Experiments with Kemeny ranking: What works when?

https://doi.org/10.1016/j.mathsocsci.2011.08.008Get rights and content

Abstract

This paper performs a comparison of several methods for Kemeny rank aggregation (104 algorithms and combinations thereof in total) originating in social choice theory, machine learning, and theoretical computer science, with the goal of establishing the best trade-offs between search time and performance. We find that, for this theoretically NP-hard task, in practice the problems span three regimes: strong consensus, weak consensus, and no consensus. We make specific recommendations for each, and propose a computationally fast test to distinguish between the regimes.

In spite of the great variety of algorithms, there are few classes that are consistently Pareto optimal. In the most interesting regime, the integer program exact formulation, local search algorithms and the approximate version of a theoretically exact branch and bound algorithm arise as strong contenders.

Highlights

► We compare 104 algorithms for Kemeny rank aggregation across several datasets. ► We find that the problem instances span 3 regimes: strong, weak, and no consensus. ► We make specific algorithmic recommendations for each regime. ► We also propose a computationally fast test to distinguish between the 3 regimes. ► The integer program, local search, and branch and bound algorithms perform well.

Introduction

Preference aggregation has been extensively studied by economists under social choice theory.
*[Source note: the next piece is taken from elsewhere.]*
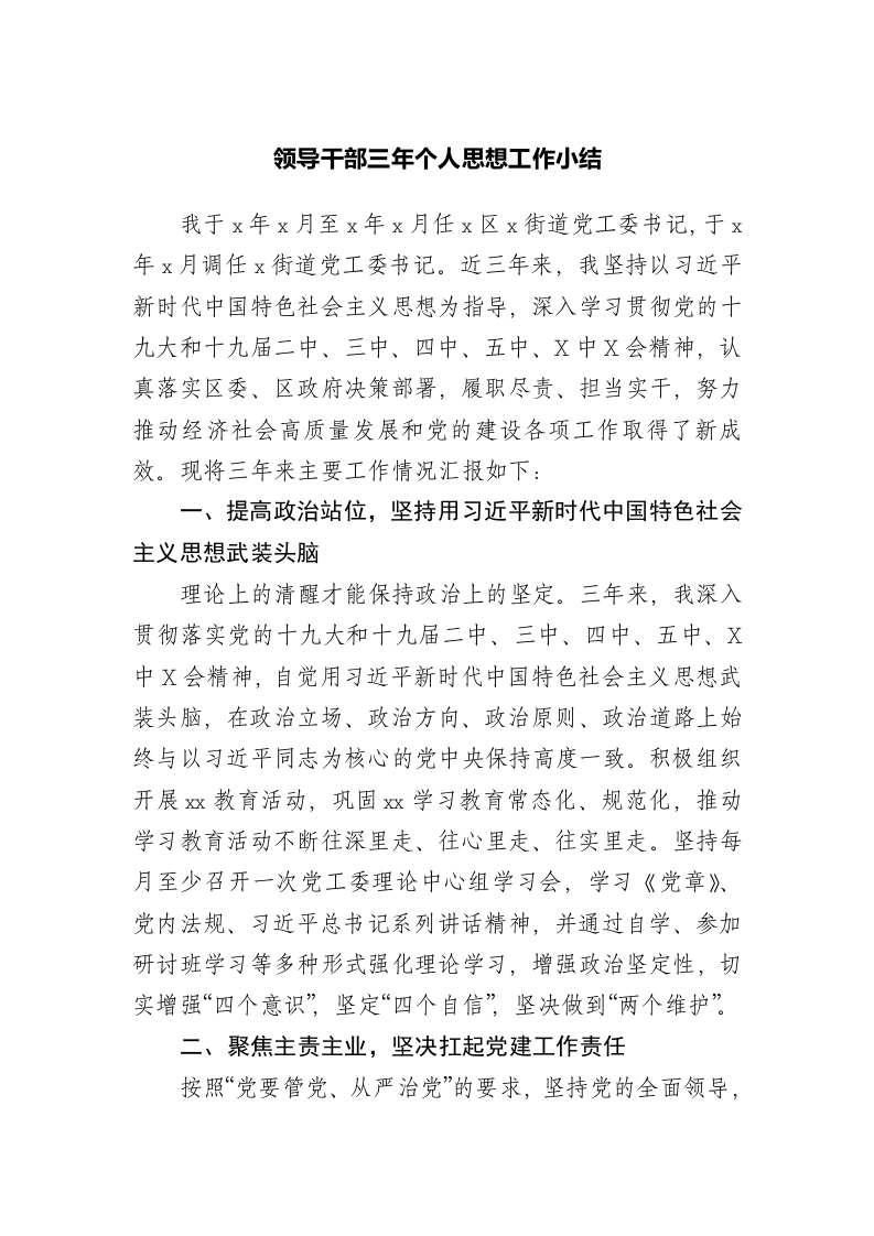 三年个人思想工作总结结

Arrow discussed certain desirable properties that a ranking rule must have and showed that no rule can simultaneously satisfy them all (Arrow, 1963). Thus, a variety of models of preference aggregation have been proposed, each of which satisfy subsets of properties deemed desirable. In theoretical computer science, too, many applications of preference aggregation exist, including merging the results of various search engines (Cohen et al., 1998, Dwork et al., 2001), collaborative filtering (Pennock et al., 2000), and multiagent planning (Ephrati and Rosenschein, 1993).
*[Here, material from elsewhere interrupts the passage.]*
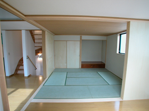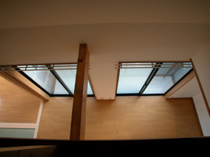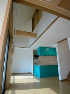 空間に広がりを持たす方法として、水平方向には可動間仕切り(通常は広いワンルーム空間で必要に迫られた時に部屋を仕切る)で空間の共有をしつつ、外部は隔絶されたバルコニーに植栽(ガーデニング等)を配しその空間を内部に取り込める様な空間イメージをした。上下方向には吹抜けを介して上部空間との会話、空気の流れ等を積極的に考慮して上下空間の繋がりで広がりを演出している。 |

The Kemeny ranking rule (Kemeny and Snell, 1962) is widely used in both of these areas. From Arrow’s Axioms’ point of view, the Kemeny ranking is the unique rule satisfying the independence of irrelevant alternatives and the reinforcement axiom (Young and Levenglick, 1978). More recently, it has been found to have a natural interpretation as the maximum likelihood ranking under a very simple noise model proposed by Condorcet (Young, 1995). The same noise model was proposed independently in statistics by Mallows (1957) and refined by Fligner and Verducci (1986), under the name Mallows’ model. Further extensions that go beyond the scope of this paper but that are relevant to modeling preferences have been proposed by Mao and Lebanon (2008) and Meilă and Bao (2010).

Finding the Kemeny ranking is unfortunately a computational challenge, since the problem is NP-hard even for only four votes (Bartholdi et al., 1989, Cohen et al., 1998). Since the problem is important across a variety of fields, many researchers across these fields have converged on finding good, practical algorithms for its solution. There are formulations of the problem that lead to exact algorithms, of course without polynomial running time guarantees, and we present two of these in Section 3.1. There are also a large number of heuristic and approximate algorithms, and we enumerate several classes of these algorithms in Section 3.2.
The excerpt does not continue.